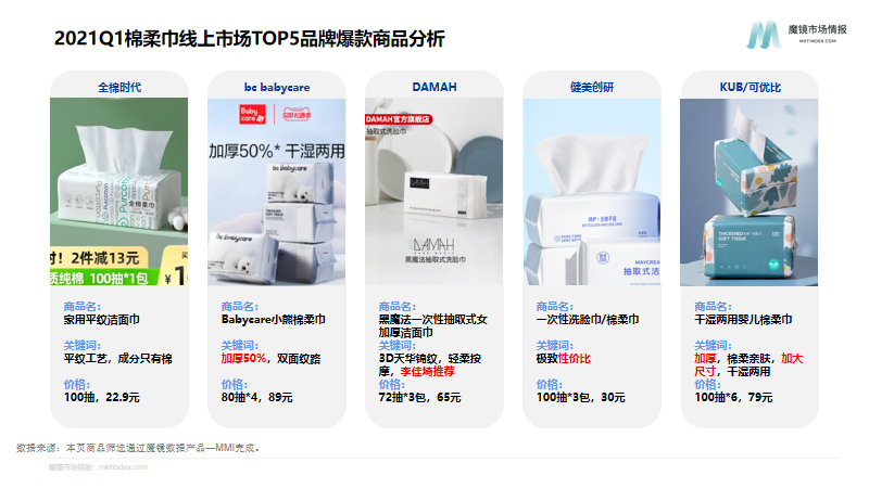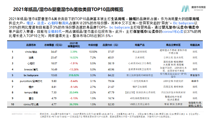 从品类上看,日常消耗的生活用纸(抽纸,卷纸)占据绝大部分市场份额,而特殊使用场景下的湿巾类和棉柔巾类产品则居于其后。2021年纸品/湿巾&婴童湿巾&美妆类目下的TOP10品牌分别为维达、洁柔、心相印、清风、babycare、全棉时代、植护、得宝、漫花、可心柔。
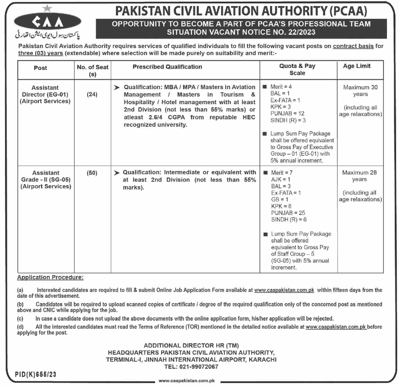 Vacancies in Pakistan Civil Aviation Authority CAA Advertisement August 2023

+===+

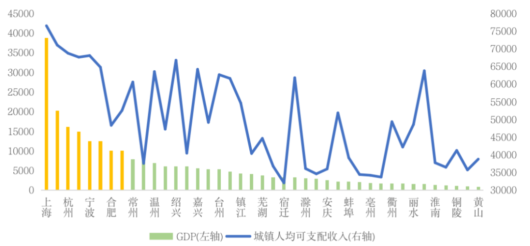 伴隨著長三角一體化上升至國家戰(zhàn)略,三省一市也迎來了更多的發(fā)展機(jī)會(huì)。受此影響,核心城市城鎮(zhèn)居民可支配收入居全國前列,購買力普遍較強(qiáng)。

+===+

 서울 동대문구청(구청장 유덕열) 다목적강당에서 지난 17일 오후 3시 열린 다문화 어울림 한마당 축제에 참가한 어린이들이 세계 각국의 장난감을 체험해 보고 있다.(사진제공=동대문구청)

+===+

● **Aim of the exercise**
Everything above from the line containing "从品类上看,日常消耗的生活用" down to the line containing "Vacancies in Pakistan" is to be duplicated exactly, both lines included, and the pictures are to be omitted.

● **Expected output**
 从品类上看,日常消耗的生活用纸(抽纸,卷纸)占据绝大部分市场份额,而特殊使用场景下的湿巾类和棉柔巾类产品则居于其后。2021年纸品/湿巾&婴童湿巾&美妆类目下的TOP10品牌分别为维达、洁柔、心相印、清风、babycare、全棉时代、植护、得宝、漫花、可心柔。
 Vacancies in Pakistan Civil Aviation Authority CAA Advertisement August 2023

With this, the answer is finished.